When my partner, Duncan and I formed a relationship, I was completely oblivious to our differing family-scripts however over time tensions emerged as we each continued to live according to the scripts that we had grown up with. Duncan’s script went something like this: ‘anything you do is worth doing well’; ‘if you don’t get it right, do it all again’; ‘you don’t leave things half done’. At the time, I was frequently unwell and fatigued, so much of what I did was left ‘half done’ (to complete later I thought) or done imperfectly. This issue was the trigger for frustration (Duncan), distress (Colleen) and tension in our relationship for a number of years.
I grew up with a family script that directed ‘peace at any price’. Confrontation, anger and frustration were not tolerated and family members went to great lengths to avoid instances of this nature. What a shock it was for Duncan to have a partner who would not and could not, respond to his angry outbursts. Duncan grew up in a family where family members were free to express their anger and he enjoyed engaging in debate over issues of difference.

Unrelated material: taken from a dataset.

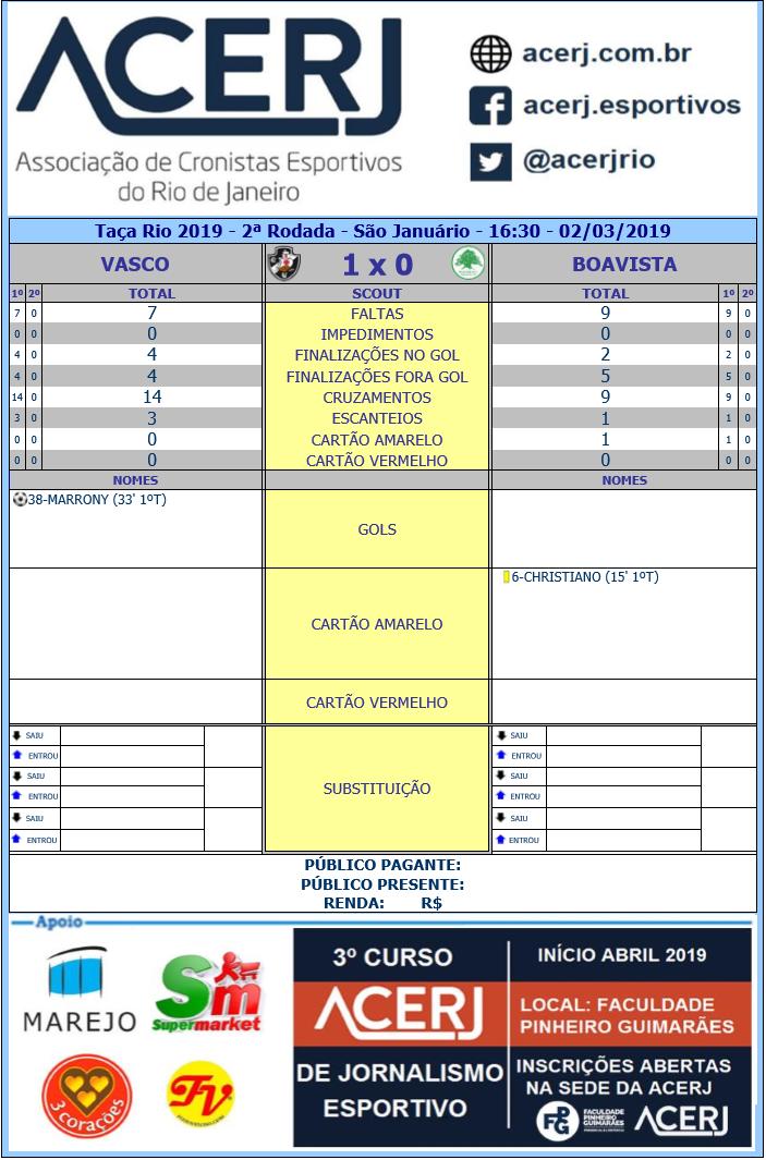 Scout do 1º tempo de Vasco e Boavista pela 2ª Rodada da Taça Rio 2019 em São Januário #acerjinforma #VASXBOA #TacaRio2019

This tension in our relationship caused communication issues that we struggled to overcome… However, by addressing our previous family scripts we began to understand and appreciate each other.
Whilst writing this article, I asked Duncan and my two daughters how they would describe our family motto. Their response was: ‘How are you feeling? Do you want to talk about it?’ As a couple Duncan and I have learnt the value of being emotionally available and present to listen to the needs of the other. In turn, we have found that our own needs are met.
Discover Your Family Script to Promote Relationship Healing and Growth
What does your family script say? Are you aware of the impact it has upon your couple relationship? Have you talked about this as a couple? If you are experiencing difficulties in your couple relationship, explore the messages you grew up with and live by even in the present. You will find them in situations where you over-react emotionally towards your partner. If these conversations are difficult to have as a couple, why not visit a relationship counsellor who will be able to facilitate a conversation that will help you identify the family scripts you live by and help you to explore a new identity as a couple.